Materials and methods

Ethics statement

All procedures used in this study conformed to the tenets of the Declaration of Helsinki. The Ethics Committee guidelines of Stomatological Hospital, Southern Medical University approved the protocols used. Informed consent was obtained from all participants.

Subjects and cell culture

Six normal deciduous teeth and 6 adult permanent teeth were collected from 6- to 13-year-old children and normal adults, respectively. All the teeth were extracted according to the agreements of patients and regular medical processes. The intact teeth were separated, immersed in a solution of 0.25% Chloramphenicol solution (30 min), and then kept in PBS solution with Penicillin (60 mg/l) and Streptomycin (100 mg/l). The dental pulp was isolated from the teeth, and washed by PBS solutions with Penicillin and Streptomycin, then digested in a solution of 1% collagenase (Sigma-Aldrich; Merck KGaA, Darmstadt, Germany) for 1 h at 37°C. The cells were filtered by 150 mesh nylon, centrifuged 1,000 × g for 5 min, and countered by blood counting chamber. After these processes, the cells were then mixed in DMEM solution (20% FBS, 100 µM ascorbic acid, 2 mM L-glutamine, 60 mg/l Penicillin and 100 mg/l Streptomycin). Anti-immunoglobulin M Micro Beads (Miltenyi-Biotec, Bergisch Gladbach, Germany) were used to sort the separated cells, according to the manufacturer's instructions. We then obtained the cell populations that were termed as stem cells from deciduous teeth and adult permanent teeth. These HDPSCs were cultured for further use.

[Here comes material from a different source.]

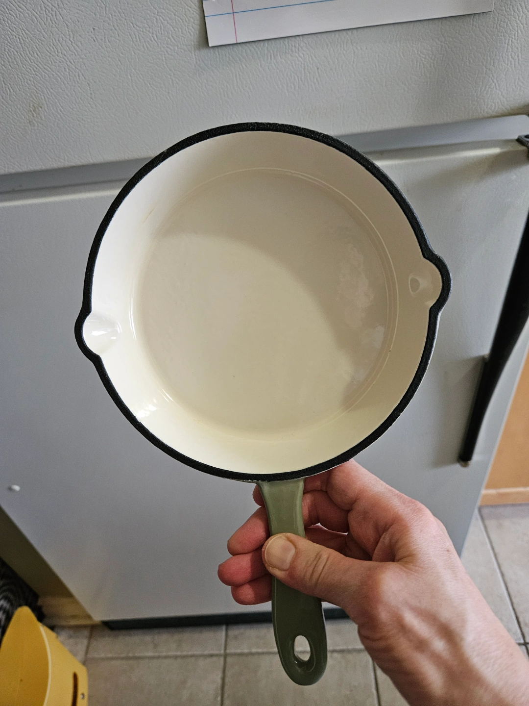 Small cast iron skillet. Sage green colour. Excellent for stovetop cooking. Pre-owned. 6.5 inches.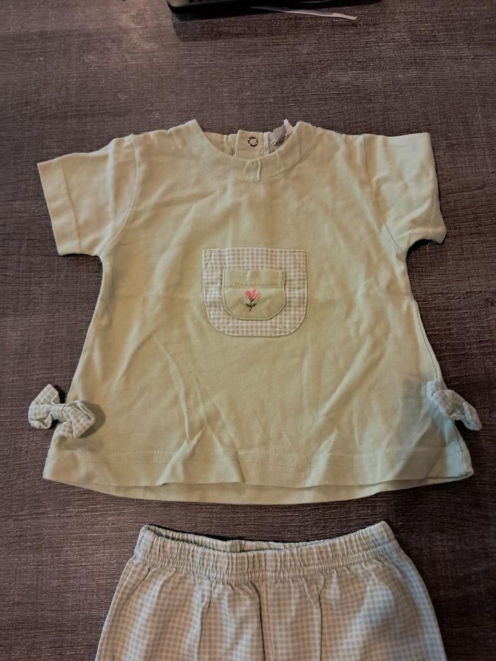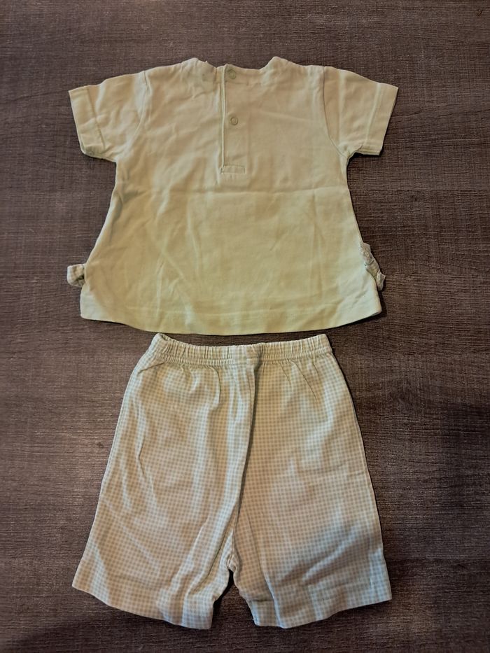 Ensemble t-shirt et short vert et blanc Coton Marque sans marque Taille 6 mois Réduction sur les lots jusqu'a -20% Réduction sur les frais de livraison

Hematoxylin and Eosin (H&E) staining

To determine the apoptosis stages of dental pulp cells, H&E staining was employed to observe the apoptotic processes and stages of stem cells from deciduous teeth and adult permanent teeth. We also used H&E staining to observe the HDPSC apoptosis processes of RNAi groups and control groups from deciduous teeth.

Apoptosis assay

For Annexin V-FITC apoptosis assay, separated stem cells from deciduous teeth and adult permanent teeth were cultured, trypsinized, washed, and stained with Annexin V/PI apoptosis kit (Multi Sciences Biotech, Dalian, China) in the dark for 15 min at room temperature. Then, the stained cells were analyzed by flow cytometry.

Reverse transcription-quantitative polymerase chain reaction (RT-qPCR)

The mitochondria were extracted by Cell Mitochondria Isolation kit (Beyotime Institute of Biotechnology, Shanghai, China). Using TRIzol (Takara Biotechnology Co., Ltd., Dalian, China), poly-A+ RNA were extracted from the mitochondria, cytoplasm, and whole cells of the HDPSCs from deciduous teeth and adult permanent teeth. RT-qPCR was performed to check the expression of Cytochrome c in these samples. The Cytochrome c primers consisted of the following sequences: (Forward) 5′-CCAATGAAGATGGGGAGATG-3′ and (reverse) 5′-CCGTGAGCAGGGAGAAGAC-3′. The primer pair for the β-actin housekeeping gene was made up of the following sequences: (Forward) 5′-ATCGTGCGTGACATTAAGGAGAAG-3′ and (reverse) 5′-AGGAAGGAAGGCTGGAAGAGTG-3′.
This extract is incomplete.